Semarchy Fuzzy lookup classification enricher

The Semarchy Fuzzy lookup classification enricher automatically classifies records using SemQL-based fuzzy lookup rules.

Plugin ID

Semarchy Fuzzy Lookup Classification Enricher - com.semarchy.engine.plugins.fuzzy.lookup.classification

Description

The Fuzzy lookup classification enricher automatically classifies records by applying SemQL-based fuzzy lookup rules. It compares child records with parent records, evaluates attribute similarity, and generates a lookup score to identify the most suitable reference.

This enricher serves as an alternative to AI-based classification methods, offering a rule-based approach for categorizing data.

Plugin parameters

The following table lists the plugin parameters.

Parameter name Mandatory Type Description

Creation Threshold

Yes

Integer

The score threshold above which the reference ID is automatically assigned after a lookup (range: 0-100).

Entity Name

Yes

String

The name of the entity to which the fuzzy lookup rule applies.

This enricher currently supports only basic entities.

Fuzzy Lookup Rule

Yes

String

The fuzzy lookup rule to apply.

Plugin inputs

The following table lists the plugin inputs.

Input name Mandatory Type Description

Data Location (System-Managed)*

Yes

String

The name of the data location containing the child and parent records to compare. For internal use only; no configuration required.

Load ID (System-Managed)*

Yes

String

The identifier of a specific load of records to compare. For internal use only; no configuration required.

Username (System-Managed)*

Yes

String

The name of the connected user. For internal use only; no configuration required.

User roles (System-Managed)*

Yes

String

The list of roles for the connected user. For internal use only; no configuration required.

View Type (System-Managed)*

Yes

String

The type of view for the attributes to evaluate against the reference record. For internal use only; no configuration required.

Record ID

No

String

The unique identifier of the reference record, applicable to basic entities and fuzzy-matching entities with enrichment scopes set to pre- and post-consolidation, post-consolidation, or none.

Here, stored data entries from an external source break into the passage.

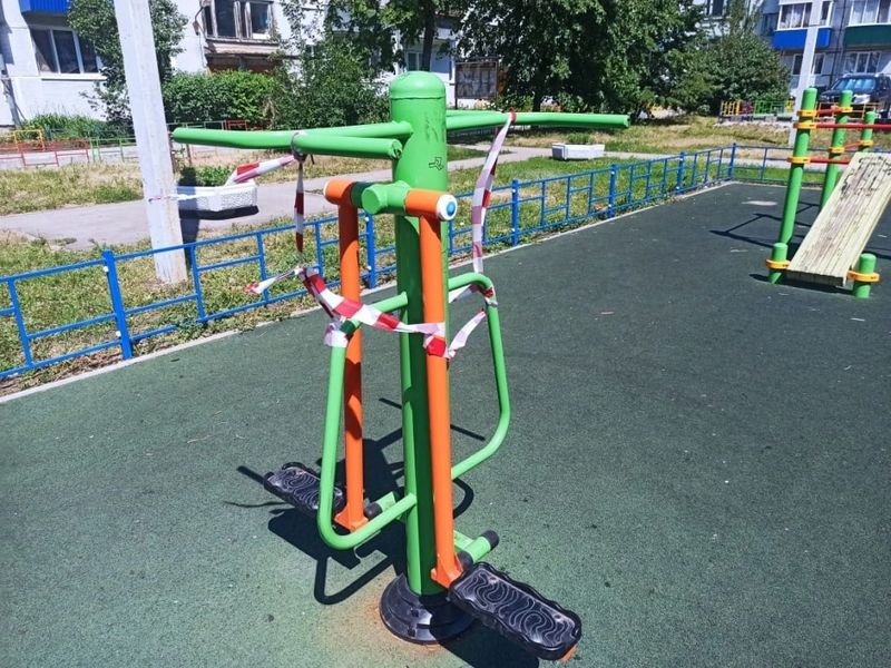 Что до изувеченных МАФов, то подвесы качелей были демонтированы в связи с их неисправностью в результате вандальных действий. Эксплуатация качелей приостановлена до определения решения суда. Также ограничен доступ на горку-трубу винтовую и уличные тренажеры.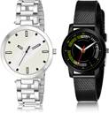 Dial Colour : White And Black ; Band Colour : Silver And Black ; Case Shape : Round ; Band Material : Metal And Plastic ; Case Diameter : 36 And 32 mm ; GROOT New Present Simple Chain Silver And Black Colour Analog Metal And Plastic Belt 2 Watch Combo For Women And Girls - GM235-(43-L-10)#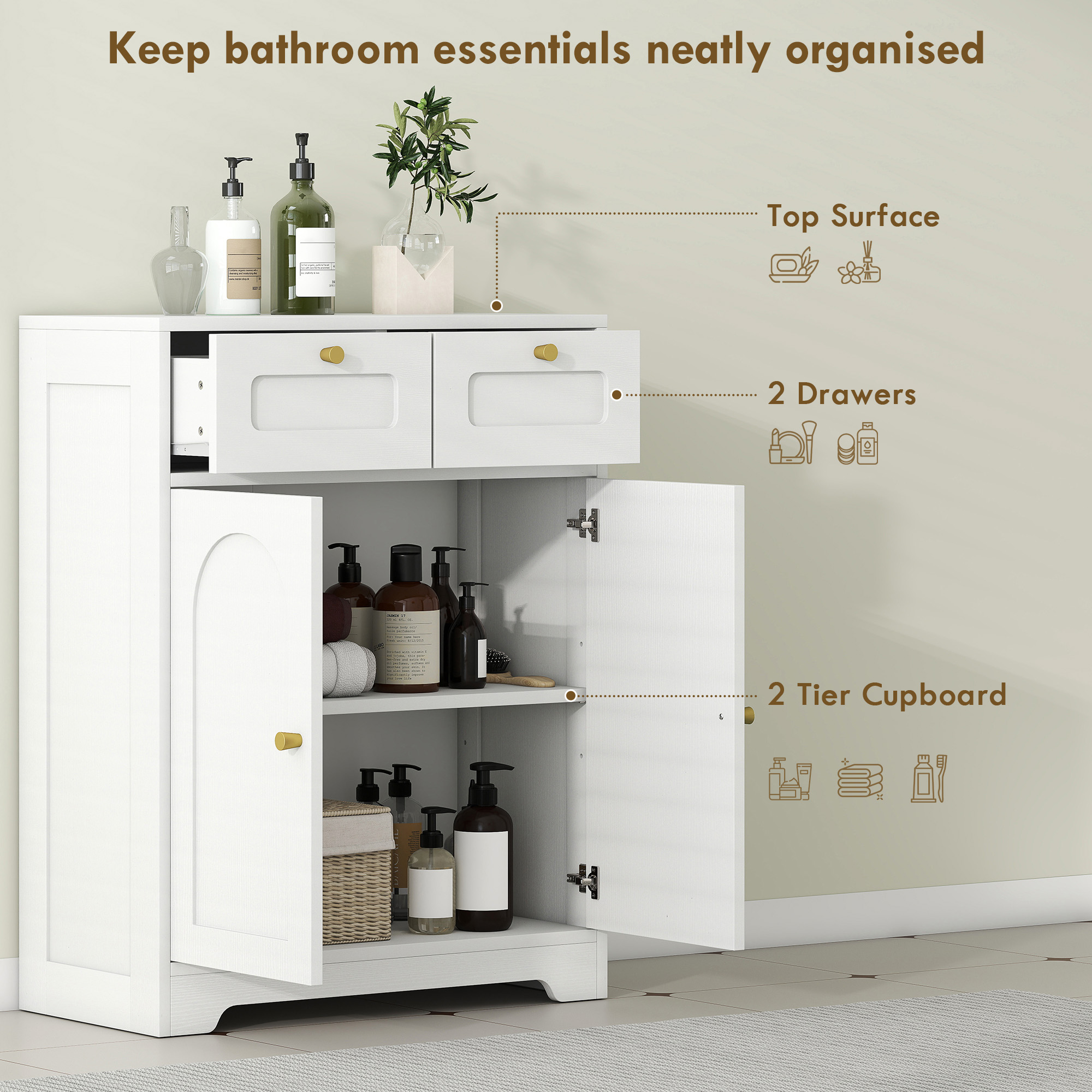Bring calm and order to your bathroom with this stylish floor cabinet from HOMCOM. Whether it's storing spare towels, skincare, or cleaning essentials, the mix of drawers and a roomy cupboard keeps everything tucked neatly away. The adjustable shelf makes it easy to fit taller bottles, while the strong build supports up to 55 kg—great for daily family use. Finished in soft white with arched doors and gold-tone touches, the bathroom storage unit adds a gentle, classic charm to your space.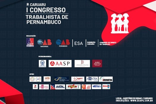 Estão abertas as inscrições para o I Congresso Trabalhista de Pernambuco – Desafios da Advocacia Trabalhista no Cenário Pós-reforma, que vai ocorrer entre os dias 29 e 30 de agosto, no auditório do Senac, em Caruaru, no agreste de Pernambuco. O evento é organizado pela Escola Superior de Advocacia de Pernambuco (ESA-PE) e pela Associação dos Advogados Trabalhistas de Pernambuco (AATP), com participação da subseção da OAB em Caruaru e da Comissão de Direito do Trabalho da OAB-PE.

If the record ID is not of type string, cast it to a string using the appropriate conversion expression (e.g., SEM_TO_CHAR, SEM_UUID_TO_CHAR).

Publisher ID**

No

String

The identifier of the source publisher system for the reference record, applicable to fuzzy-matching entities with enrichment scope set to pre-consolidation. Use in conjunction with Source ID.

Source ID**

No

String

The identifier of the reference record in the source publisher system, applicable to fuzzy-matching entities with enrichment scope set to pre-consolidation. Use in conjunction with Publisher ID.

* These parameters are automatically set upon the enricher execution to specific SemQL variables and do not require configuration. Any modifications made to these parameters will be ignored.

** Use these parameters in conjunction with each other to ensure proper functionality.

Since the enricher currently supports only basic entities, the Source ID and Publisher ID parameters are not applicable.

Plugin outputs

The following table lists the plugin outputs.

Output name Type Description

Best Match ID (NUMBER)

Number

The ID of the referenced entity with the highest lookup score, represented as a number.

Best Match ID (STRING)

String

The ID of the referenced entity with the highest lookup score, represented as a string.

Best Match ID (UUID)

UUID

The ID of the referenced entity with the highest lookup score, represented as a UUID.

Lookup Score

Number

A numerical value that represents the degree of similarity between a record and its reference, according to the specified fuzzy lookup rule.

Fuzzy Lookup Rule Name

String

The name of the fuzzy lookup rule applied to identify the most suitable reference.

Examples and use cases

Relevant use cases for fuzzy lookup classification may include:

  • Product categorization in e-commerce: classify products in a consolidated catalog when descriptions from multiple suppliers differ in formatting, terminology, and structure, which may make standardization challenging.

  • Patient record matching in healthcare: link patient records from multiple clinics to a master index by evaluating similarities in names, birth dates, and addresses, even when information includes misspellings, address changes, or incomplete details.

  • Employee record validation in HR systems: consolidate employee records from regional systems into a global directory while resolving discrepancies in names, IDs, or contact information that hinder accuracy.